SENDİKALARIN GREV ÇAĞRILARINA KATILIM YARGILANAMAZ
Adana İl Milli Eğitim Müdürlüğüne sesleniyoruz! Anayasanın, yasaların ve ülkemizin altında imzası bulunduğu uluslar arası sözleşmelerde kaynaklı legal zeminde 24 Eylül 2014 tarihinde, eğitim emekçilerinin ekonomik, demokratik ve özlük haklarıyla ilgili yapılan bir günlük iş bırakma eylemine katılanlara soruşturma açmasınız. Çünkü haklar yasalardan önce gelir. Bu nedenle korkmuyoruz, korkmayacağız. Suçlu olanlar tarafsızlığını yitirenlerdir, kamu kaynakları kamunun ihtiyaçlar doğrultusunda değil siyasal istikballeri için kullananlardır.
OKULLARDA TEMİZLİ SORUNU DİZ BOYU
2014-2015 eğitim öğretim yılının başında okulların ihtiyaçları tespit edilip giderilmeden kervan yolda düzülür anlayışla yaklaşık olarak iki aydır süren eğitim öğretim; eğitim bileşenleri için tam bir çıkmaza girmiştir. Okullarımızda kadrolu temizlik çalışanı istihdam edilmediğinden Ekim ayının sonlarına doğru İş Kur tarafından ücretleri ödenen temizlik personeli, İlçe Milli Eğitim Müdürlükleri tarafından okullara temizlik çalışanı olarak görevlendirilmektedir. Bu görevlendirmeler yapılırken okulların fiziki kapasitesi, öğrenci mevcutları üzerinden yapılaması gerekirken, yandaş sendikaya yakınlık-uzaklık üzerinden yapılıyor olması kabul edilemez bir durumdur.
ADANA MİLLİ EĞİTİM MÜDÜRÜ İTİRAF EDİYOR, 3564 ÖĞRETMEN AÇIĞI VAR.
Adanada 5 Kasım 2014 Çarşamba günü gerçekleştirilen İl Milli Eğitim Danışma Kurulu Toplantısında, İl Milli Eğitim Müdürlüğü de eğitimdeki sorunları itiraf etmiş ve 3564 öğretmen açığı olduğunu belirtmiştir.
16 Kasım 2014de Ankarada alanlara çıkacak olan Atanamayan Öğretmen arkadaşlarımızın atamasının yapılmaması tam bir keyfiyettir. Yalnızca Adana ilinde ki sayı bile bu alanda ki ihtiyacın boyutlarını sergilemeye yetmektedir. Atanamayan tüm öğretmen arkadaşların atamalarının bir an önce yapılarak mağduriyetin giderilmesi gerekmektedir.

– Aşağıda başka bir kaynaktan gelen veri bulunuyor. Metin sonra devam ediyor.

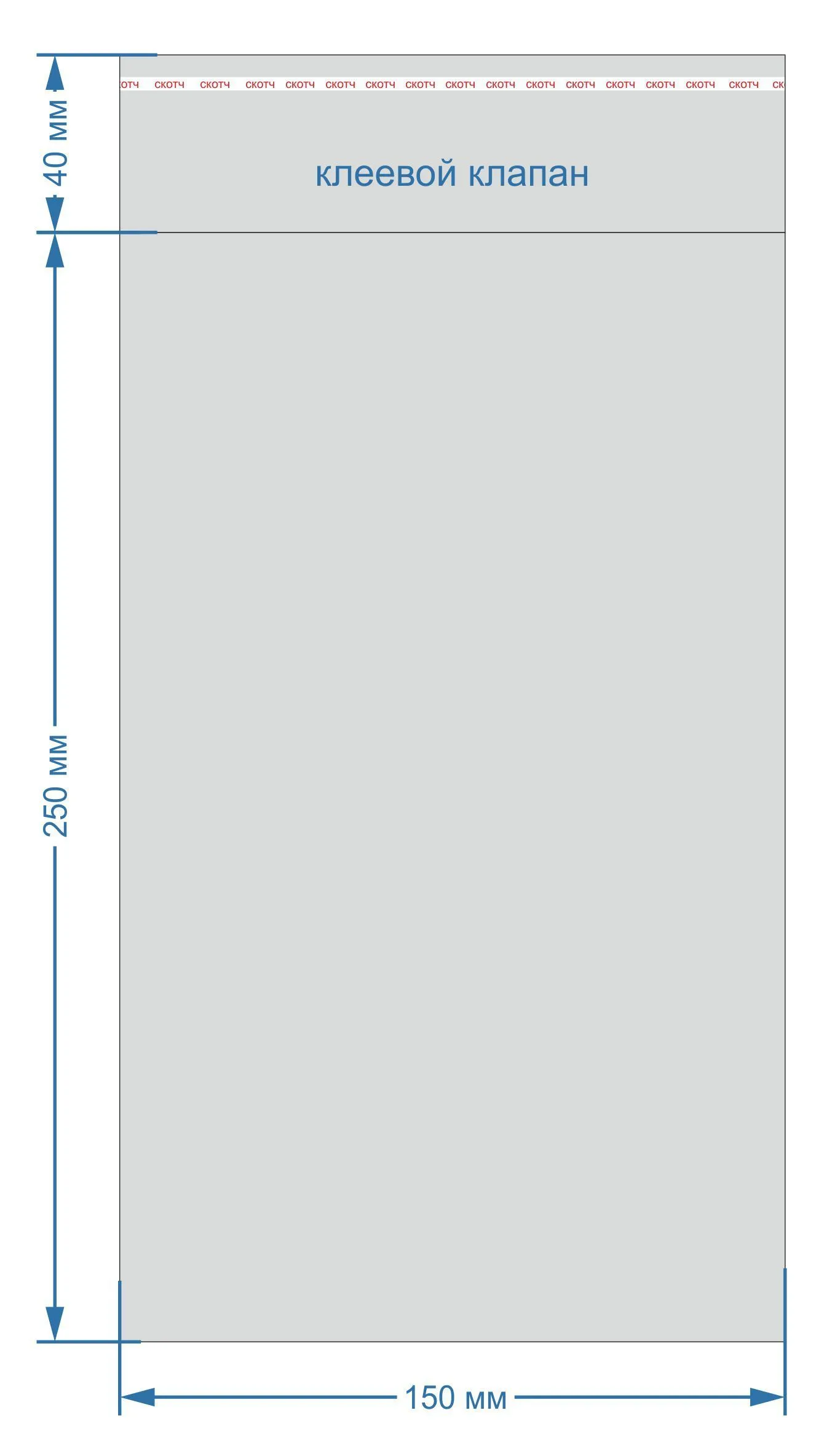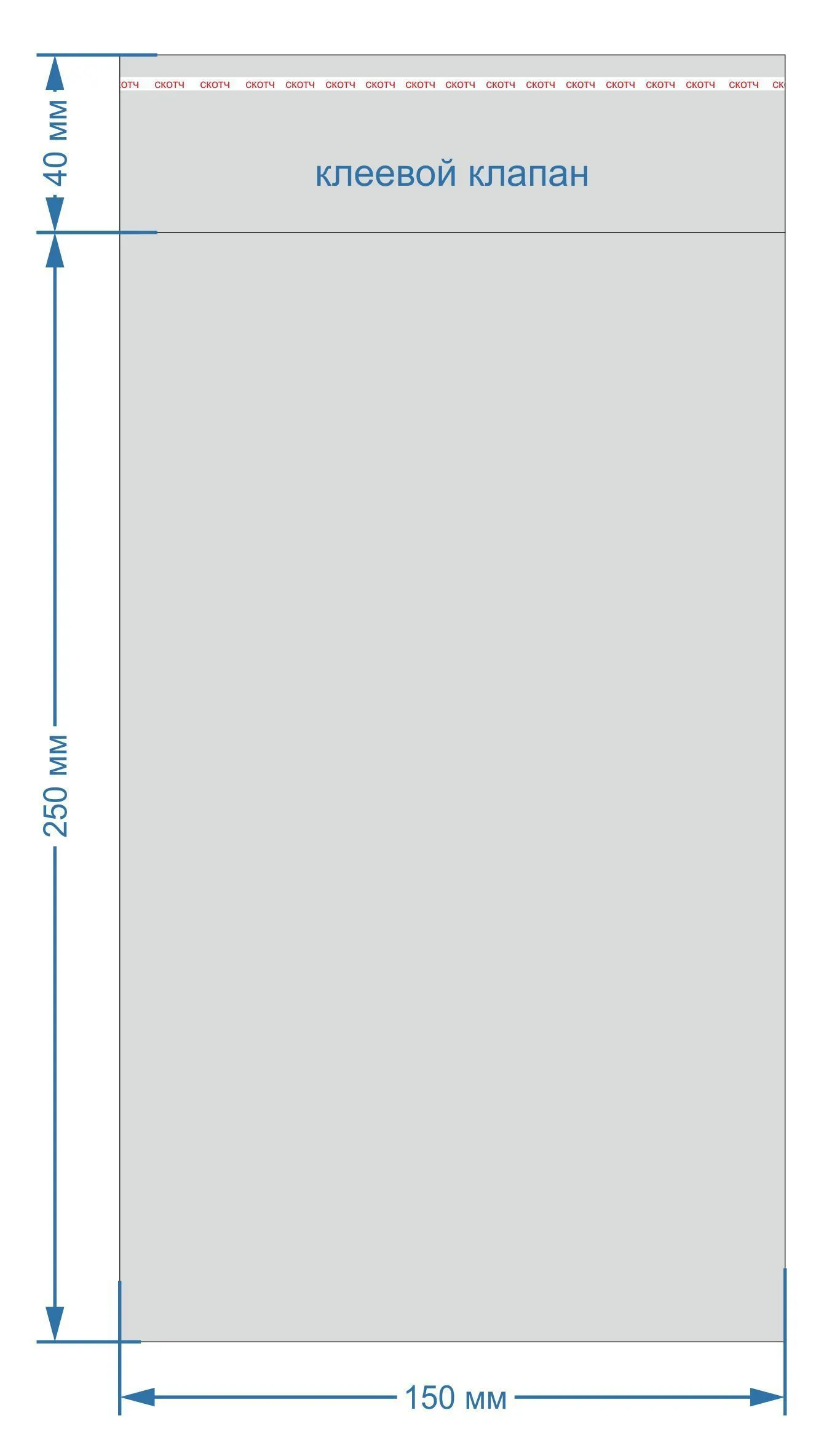 Размер пакета: 150х250 мм, с клеевым клапаном 40 мм. Толщина: 25 мкм. В упаковке 100 штук.

SORUN VE TALEPLERİMİZE ÇÖZÜM ÜRETİLMELİDİR
Eğitimde siyasi kadrolaşmaya, zorunlu rotasyon girişimlerine, angarya çalışma ve performans uygulamalarına derhal son verilmelidir. Öğretmen ve yardımcı hizmeti açıkları kapatılmalı, okullarda ve üniversitelerde angarya çalışma uygulamalarına, Eğitim Sen üyelerine yönelik soruşturma, sürgün ve görevden almalara son verilmelidir. Memur Senin imzaladığı ihanet sözleşmesi nedeniyle oluşan enflasyon kayıplarımız karşılanmalı, maaşlarımıza 2014 enflasyon farkı kadar ek zam yapılmalıdır. Kamu kaynakları özel okullara değil, devlet okullarına aktarılmalı, eğitime yeterli bütçe, okullarımıza ihtiyacı kadar ödenek ayrılmalıdır.